I tried a number of pie crust recipes when I was a young wife.  I landed on this “Fool Proof Pie Crust” recipe that came from both my mother and my mother-in-law.

Pie Crust
(makes 4 crusts)

Put 4 cups of flour in a food processor.  (When my mother-in-law asked me what I wanted of hers when she died, I told her the Cuisinart.)  Add 1 tablespoon sugar and 1 teaspoon salt.

Add 1 1/2 cups Crisco (I think it has to be Crisco.) and pulse until the Crisco is mixed in and the mixture resembles course sand.

Mix in a measuring cup, 1 cup cold water, 1 egg, 1 tablespoon vinegar.  While food processor is on, slowly pour in liquid mixture, allowing to process until the mixture holds together in a ball.

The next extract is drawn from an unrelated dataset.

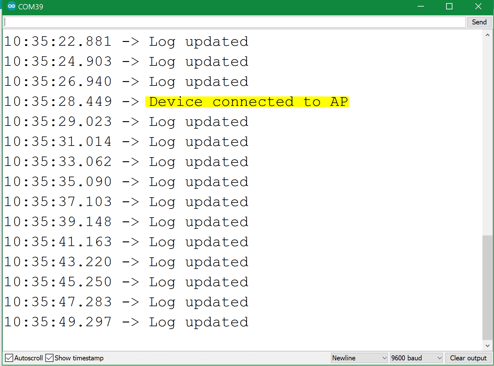function, the communication with the Wi-Fi module, the Environmental Shield and the SD card is checked, and the server is run on port 80, and we are notified on the Serial Port throughout

Gather the dough into a solid ball and wrap in wax paper or plastic wrap and refrigerate for several hours or overnight.

Cut a piece of the dough off the size needed for a crust and roll it out on a well floured surface.  Fit into pie pan and cook according to pie recipe.




  • Avoid over-mixing the shortening into the flour mixture.
  • Cooling the dough makes it easy to handle.  If you must rush, put it into the freezer for as long as possible.  You will have to add more flour and the crust may be a bit tougher, but it will be edible, for sure.
  • For ease in getting the rolled out crust into the pan, fold it in half, then slip it into the pan and unfold.
  • You can roll the dough out on floured wax paper when you are learning.  When transferring to the pan, turn the pie pan upside down on the crust, then use the wax paper to flip it over.
  • When baking a crust for a cream filling, prick it well with a fork to keep it from having air bubbles.  Lots of pricking is a good idea.
  • Decide your mark for a double crust pie.  It is a personal expression.  Before moving it from the rolling out board to the top of the pie, use a knife to make some slits in the top for steam.
  • For a double crust pie, after adding the filling, wet the edge of the bottom crust with water, using your finger, before adjusting the top crust on.  It will seal it up nicely.

Holiday pie requests in our family are usually pecan (son-in-law and maybe, a son), pumpkin (another son), and cherry or blueberry (daughter).  I happily oblige!